MATERIAL PROVIDED |
* * *

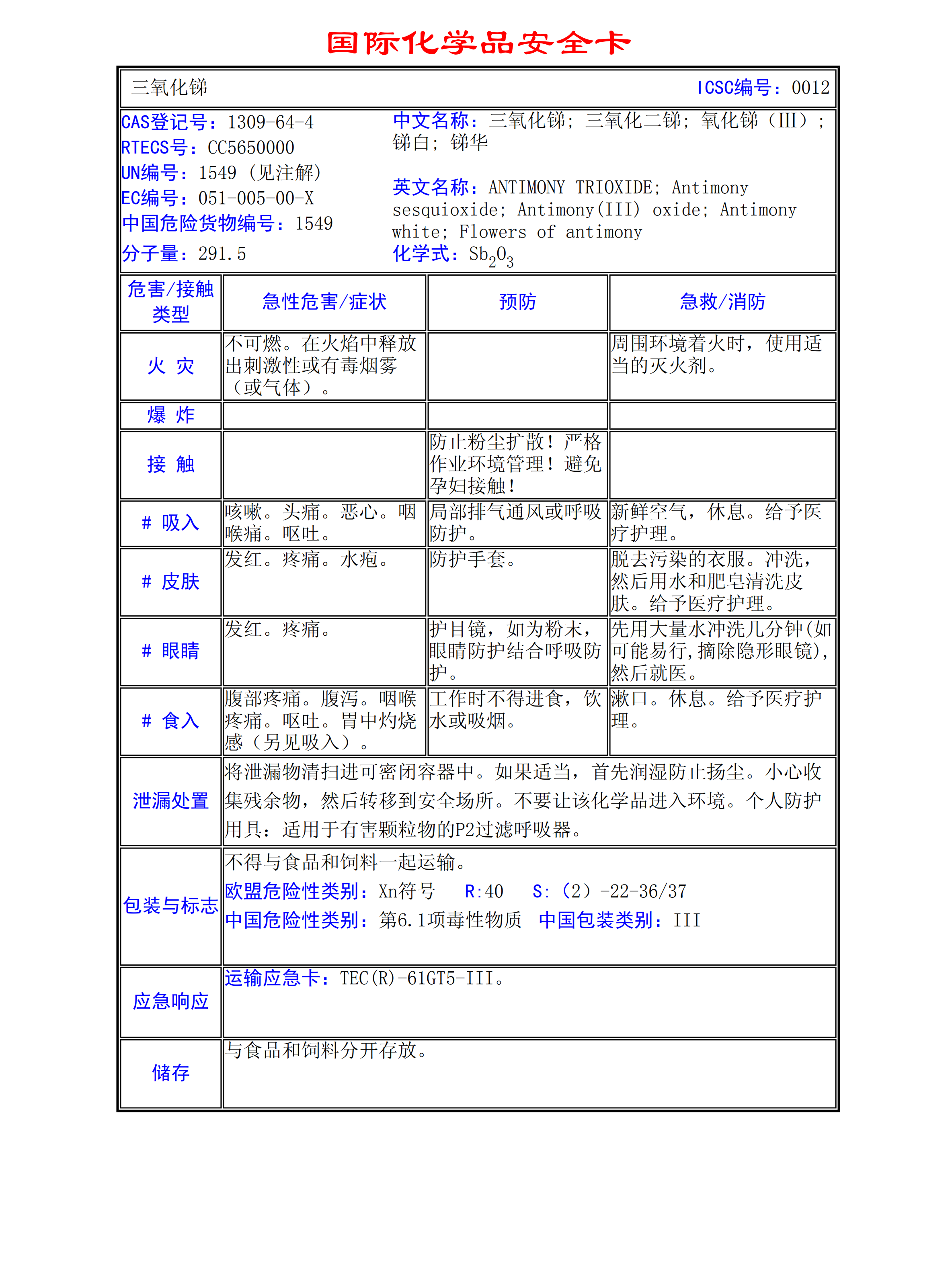 三氧化弟 MSDS
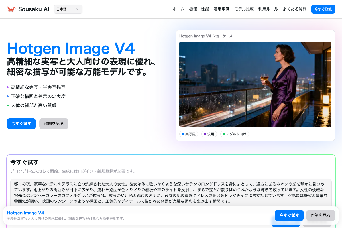 - Hotgen Image V4の詳細:https://sousaku.ai/models/hotgen-image-nsfw
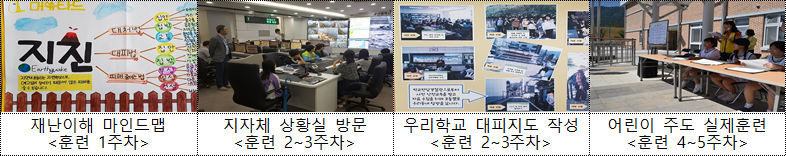 ① 어린이 재난안전훈련은 기획부터 현장훈련까지 5주차 프로그램으로 구성되며,

* * *

Print the listing exactly, pictures excluded.

 三氧化弟 MSDS
 - Hotgen Image V4の詳細:https://sousaku.ai/models/hotgen-image-nsfw
 ① 어린이 재난안전훈련은 기획부터 현장훈련까지 5주차 프로그램으로 구성되며,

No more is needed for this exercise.